Fortunately, in a companion article, the authors had addressed the issue of medication withdrawal in this same cohort (4). Withdrawal of medication was proposed in children less than 15 years of age who were seizure free for 2–3 years and for older patients who were seizure free for 5 years. However, the process was not random; for instance, withdrawal was typically not suggested for patients with juvenile myoclonic epilepsy. Medication withdrawal was attempted by 90 of the 148 patients, and an additional 14 patients achieved terminal remission but did not attempt medication withdrawal (4). Of the 90 patients, 81 ultimately did achieve terminal seizure remission without medication, but 33 of the 90 suffered a relapse during this process. Two relapsing patients regained seizure control on medication; 24 relapsing patients achieved terminal remission without needing to restart medication, but the 7 remaining patients have persisting seizures, with 6 continuing antiepileptic medication.

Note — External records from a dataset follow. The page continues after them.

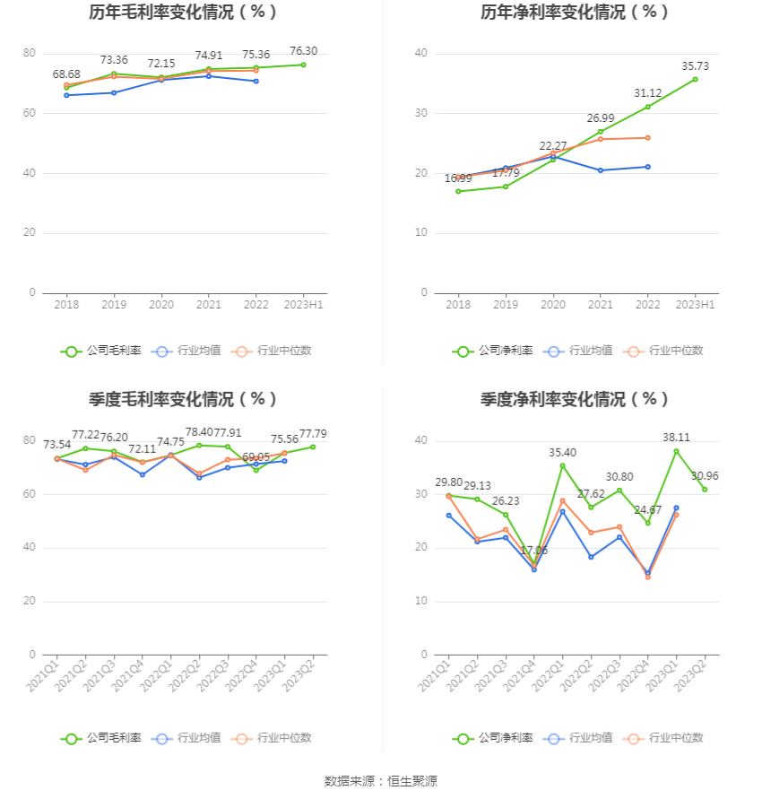 2023年上半年,公司毛利率为76.30%,同比上升0.41个百分点;净利率为35.73%,较上年同期上升2.76个百分点。从单季度指标来看,2023年第二季度公司毛利率为77.79%,同比下降0.61个百分点,环比上升2.23个百分点;净利率为30.96%,较上年同期上升3.34个百分点,较上一季度下降7.15个百分点。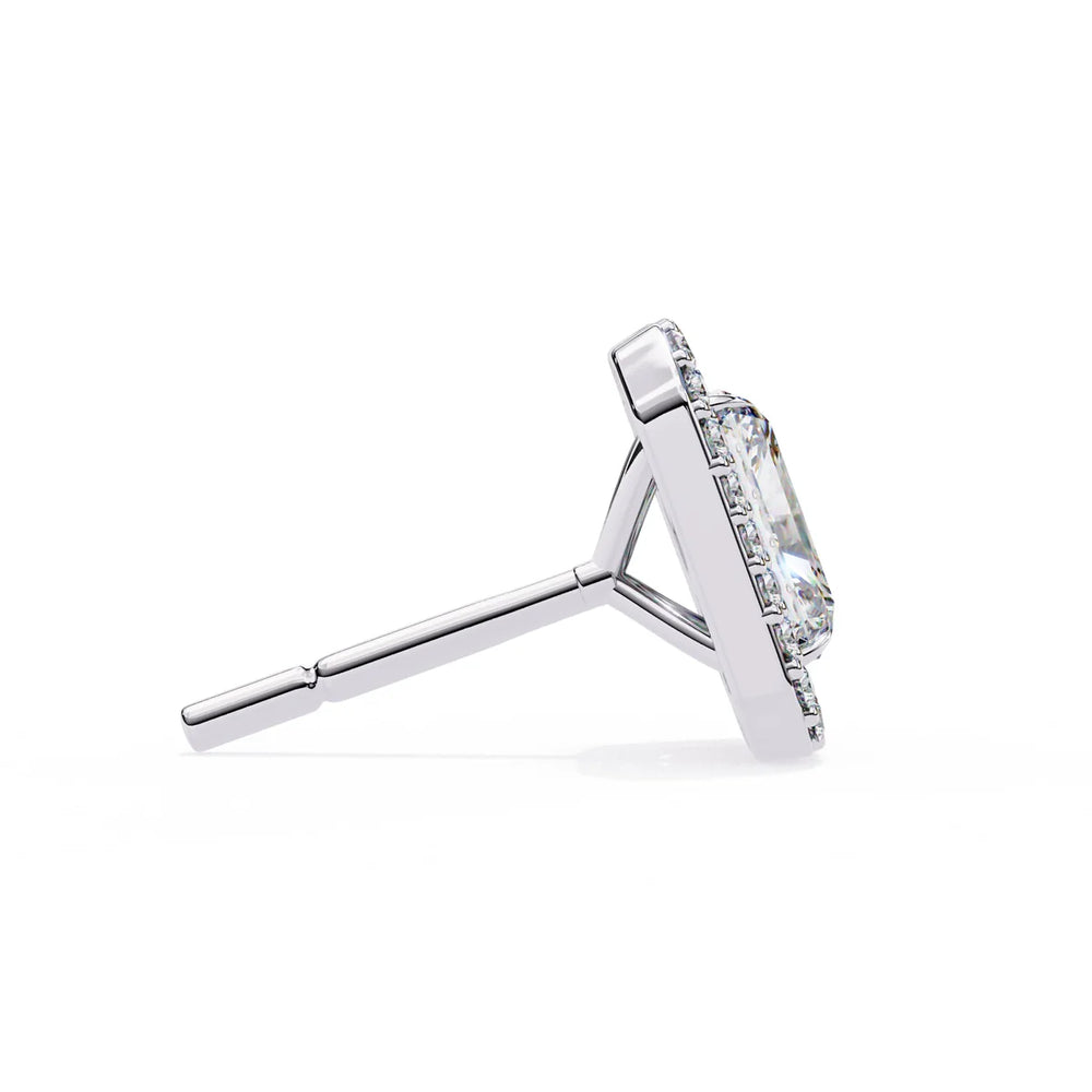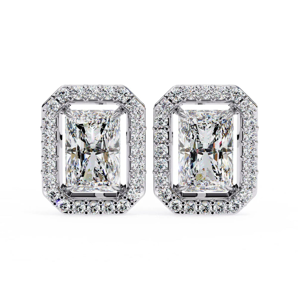 Bold and modern, the Royal Radiant Halo Studs highlight the vibrant fire of radiant-cut diamonds framed by a brilliant halo that enhances both structure and sparkle. The clean, architectural silhouette is elevated by the surrounding light-reflecting accents.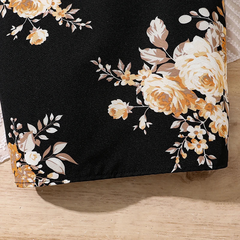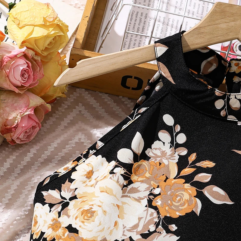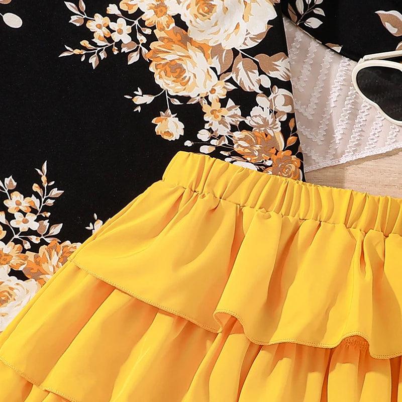 Children Clothes Girl Outfit Black Flowers Printed Vest & Yellow Tiered Skirt With Hats 3 Pcs Sets Stylish Girls Outfit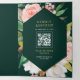 Blush Pink Floral Emerald Green QR Code Wedding Tri-Fold Invitation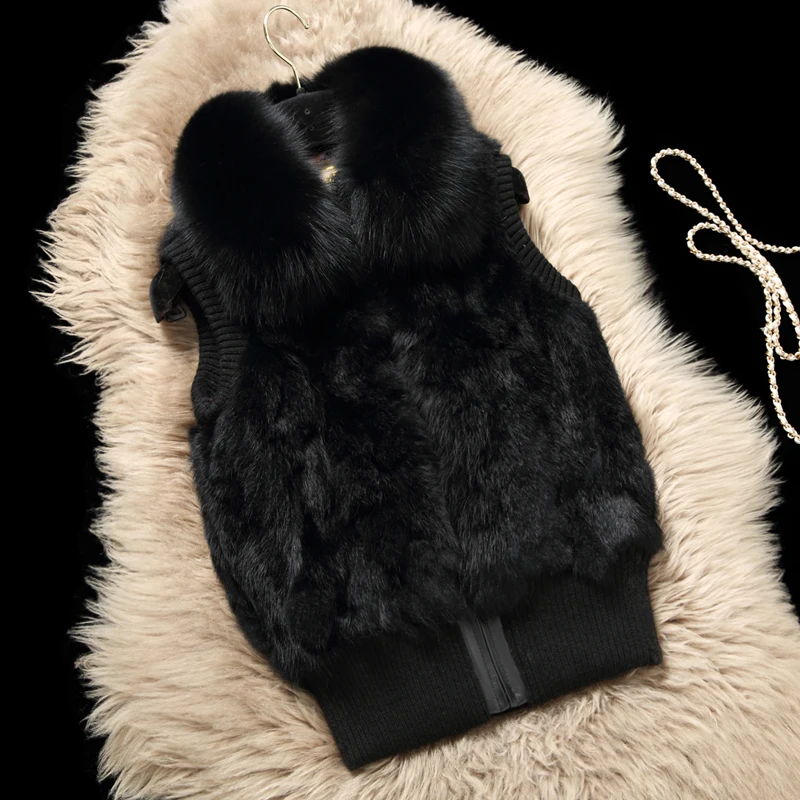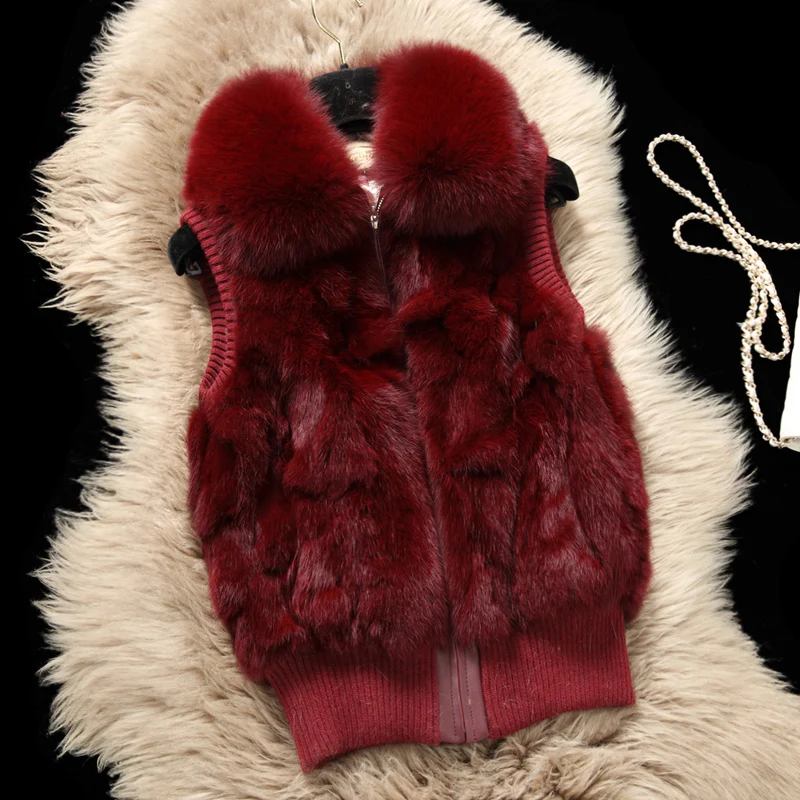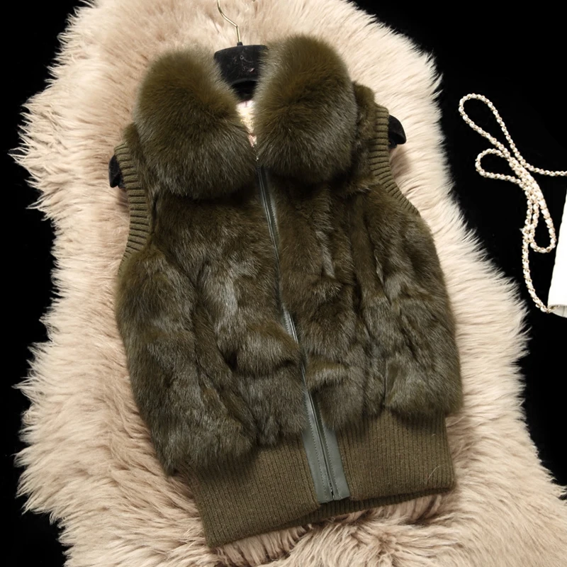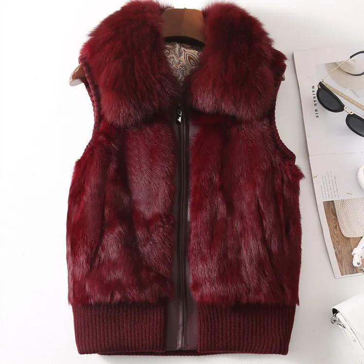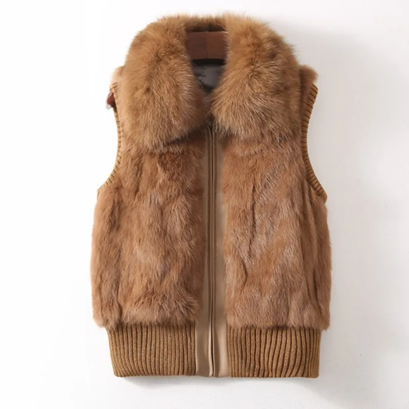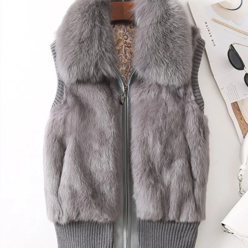 Femmes véritable fourrure de lapin col de fourrure de renard tricot femmes hiver gilet fourrure veste décontracté court vêtements d'extérieur mince avec fermeture éclair

This supplemental study indicates that the majority of patients ultimately achieve a lasting seizure and antiepileptic-medication-free state and that seizure occurrence as medication is tapered, does not necessarily preclude successful withdrawal. Moreover, the companion article reveals that a significant minority of seizure relapses reported in the present study occurred during deliberate medication withdrawal and such seizures typically do not indicate intractability.

What are the implications of these data for current concepts of medical intractability? One concept is that intractability can be predicted according to the response to initial systematic medication trials (5). The occurrence of late initial remissions in 50% of the patients appears to be at odds with the possibility of reliable early identification of intractability. However, such a conclusion would be based on the assumptions that the initial interventions were appropriate, timely, and rapid and that the late onset of remission was not due to delay in institution of an appropriate regimen. Further analysis of the dataset by Sillanpää and Schmidt could clarify the reasons for a later initial remission. Even if further study confirmed that initial remission in many patients takes longer to achieve than previously assumed, it still is quite likely that certain clinical characteristics—such as epilepsy syndrome, etiology, and seizure frequency, in combination with response to initial medication trials—could ultimately prove to be reliable predictors of long-term intractability in a patient subgroup. A second current concept regarding medical intractability is that it may develop many years after the initial onset of the epilepsy (6). Among the Turku patients, 20 of the 117 patients who achieved an initial 5-year remission had a relapse and then never attained a terminal 5-year remission. The existence of this group supports the hypothesis of late development of intractability, but more information on the medication trials used would be needed to confirm the finding.

The current study, therefore, suggests that both concepts of intractability are correct for the appropriate patient subgroup: intractability occurs early and persistently in 19% of patients and late, after relapse, in 14%. This meticulous and thorough analysis yields no simple answers. The outcomes are complex and varied, as would be expected from the heterogeneous nature of the epileptic condition.